Was thinking about Bonnie pantyhose , i have a d0uble boiler also thought of doing the sock . Then I am thinking on the right track


----------



## alleyyooper (Apr 22, 2005)

Just remember any pot you melt wax in is no longer much good for cooking.
I was never able to get all the wax residue out of then.

 Al


----------



## CIW (Oct 2, 2007)

A piece of furnace filter material works well. Lay it and a piece of 1/8" hardware cloth over a silicon catch pan (bread pan).
I have it set up in my solar melter. Put the wax in. Come back at the end of the day. Its all melted down clean and pretty. Throw the filter away after several uses. It also can be used to seal cracks when trying to get a colony of bees from of a tree or irregular surface. It can be purchased inexpensively by the roll or sheet at most big box stores. I'm still using the same roll I purchased 5 years ago. Just keep it in a bag so it stays clean till you need it.


----------



## tom j (Apr 3, 2009)

alleyyooper said:


> Just remember any pot you melt wax in is no longer much good for cooking.
> I was never able to get all the wax residue out of then.
> 
> Yes Bon has 2 . I found 1 at a sale so Bon has 2 and bees have 1
> ...


----------



## alleyyooper (Apr 22, 2005)

Tom you have seen my wax first hand. Your daughter bought some remember, I finally did.

 Al


----------



## tom j (Apr 3, 2009)

Oh you BET I remember that we made a lot of things one thing was a foot bar my feet were so dry they were cracking bad almost bleeding I put it on three times and they were as soft as a baby


----------



## alleyyooper (Apr 22, 2005)

Is what I use on my feet in the wintewr too.
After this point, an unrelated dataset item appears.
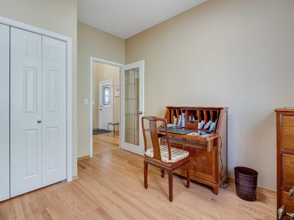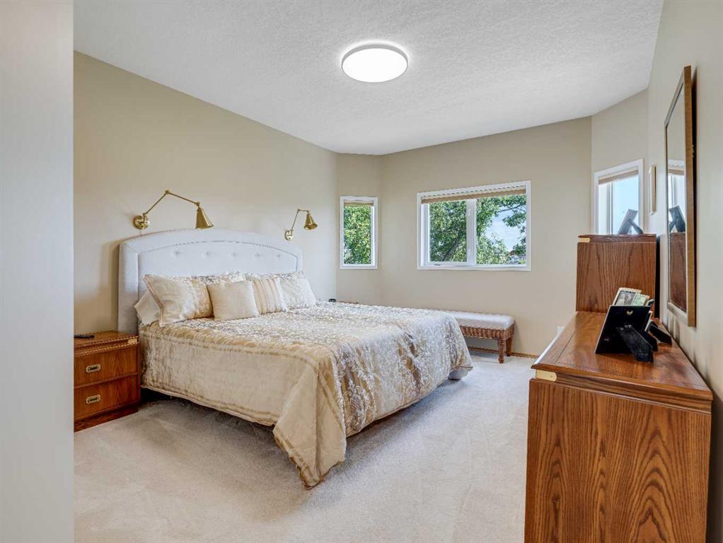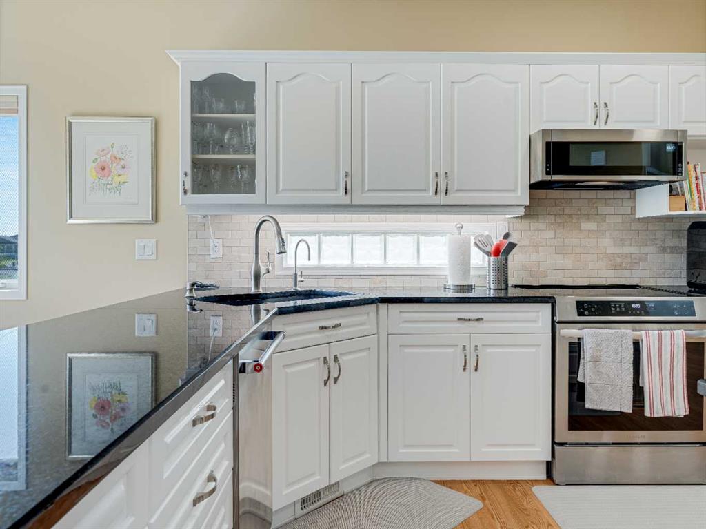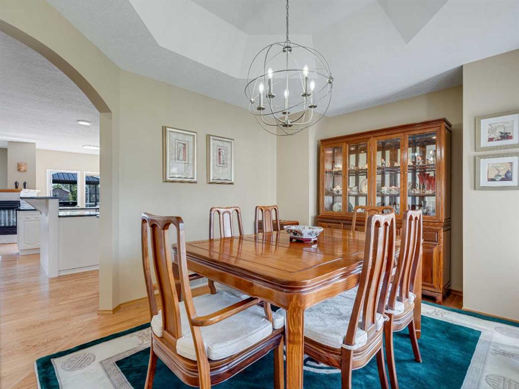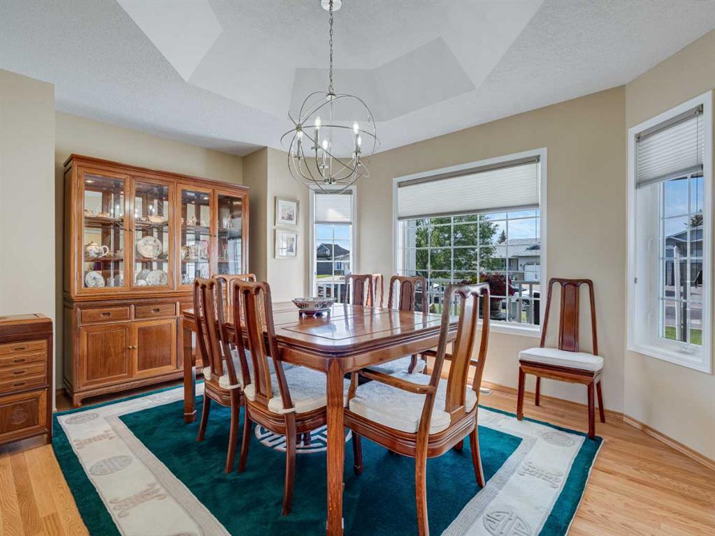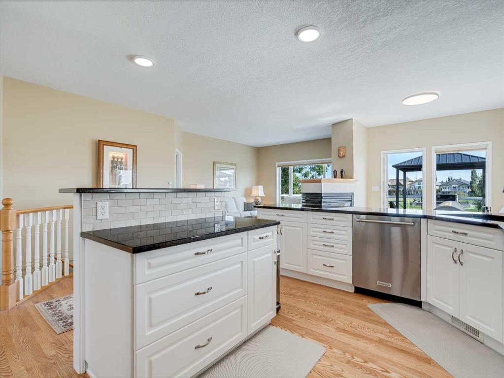 4 BEDROOMS | 2 1/2 BATHROOMS | WALKOUT BUNGALOW | 2,744 SQFT OF LIVING SPACE | DOUBLE ATTACHED GARAGE | RV PARKING | BACKING ONTO HIGHWOOD GOLF COURSEWelcome to this exceptional walkout bungalow in the heart of High River, offering over 2,700 sqft of beautifully maintained living space with 4 bedrooms, 2.5 bathrooms, and panoramic views backing onto the Highwood Golf Course. Located on a generously sized lot, this home offers privacy, elegance, and functionality. As you enter, you’re greeted by a spacious foyer and an adaptable formal dining room, perfect for entertaining or easily converted into a bright main floor office or den. The open-concept living area features oak hardwood flooring, vaulted ceilings, and a stunning double-sided gas fireplace. Expansive picture windows in the living room frame unobstructed southern views of the golf course, creating a bright and inviting atmosphere. The chef-inspired kitchen includes quartz countertops, an island with breakfast bar, a new 30″ induction stove, a new microwave hood fan, a new garburator, a pantry, and a reverse-osmosis water system for all of your drinking water. The neighbouring breakfast nook has access to the upper deck with Dura Deck finish and bbq gas hookup, making it ideal for morning coffee or summer barbecues. The main level also features a spacious primary retreat with new carpet, a walk-in closet and spa-like 4-piece ensuite, complete with jetted soaker tub and separate shower. A second bedroom, convenient 2-piece bath, and laundry room with brand new Electrolux front loading steam washer and dryer with pedestals complete this level. Downstairs, the fully developed walkout basement offers a large recreation space with a cozy stone-surround gas fireplace, two additional bedrooms, a stylish 3-piece bathroom with a California shower, and ample storage. Step outside to the lower patio and take in the beautifully landscaped yard featuring in-ground sprinklers, mature trees, and peaceful views of the course and natural wildlife. Additional features include remote hunter douglas blinds throughout, central air conditioning (2022), a tankless hot water system (2024), water softener (2024), sump pump, alarm system, attached double garage, parking for up to 6 vehicles, RV parking pad, and a separate shed for extra storage. This is a rare opportunity to own a meticulously maintained walkout bungalow in a premier golf course location. You will also enjoy being close to schools, parks, and walking paths! Book your private showing today!

A foot balm I make.

 AL


----------



## DW (May 10, 2002)

AL...what is that foot balm you make? My husband's feet are a wreck and we've got wax. Thanks!


----------



## alleyyooper (Apr 22, 2005)

*Moisturizing Hand and Foot Balm*


Two (2 oz.) empty deodorant tubes (a mason jar may also be used)
3 Tablespoonolive Oil
3 Tablespoon Beeswax
2 tsp. Pure Lanolin 
Melt beeswax in a double boiler. olive oil. When mixture is melted and blended completely, turn off heat. Immediately pour into jars and allow to cool completely at room temperature.

Before applying to feet wash them and soak in epson salts for a bit. Use a callus file to remove as much dead skin as possiable. Then rub the beeswax olive oil intyo the feet well and put on Clean socks.

My problem is mosture wicking socks in my winter foot wear drying my skin out.

 Al


----------



## tom j (Apr 3, 2009)

I will be trying out your foot bar recipe as I lost mine. I just think it's so good, I just put it on my feet and less than a week there soft .. Other wise they are cracking so bad and hurt . Then I found bee waxing helps ,,now they are good


----------



## alleyyooper (Apr 22, 2005)

Glad to hear it is helping.
I only need to figure out some thing to stop spliting, breaking and cracking finger nails.
Really bad now. Found one suggestion to work bag balm in around them and coat them put on Jersey gloves and go to bed.

 Al


----------



## tom j (Apr 3, 2009)

I was at the point of not walking or standing any more than I had to ,Bon was not looking forward to that ... Bon get me a cup of coffee,, Bon go put brakes in the car .... but when. I had hurt my back and could not lift 5 pounds ,, she did do work on the car.


----------



## tom j (Apr 3, 2009)

When the feet hurt that bad the boys could do the car work


----------



## okjhawk (Mar 15, 2018)

Go to the thrift store and buy white sweat shirts. Cut up sweat shirts make cheap filters to put in a wire sieve.


----------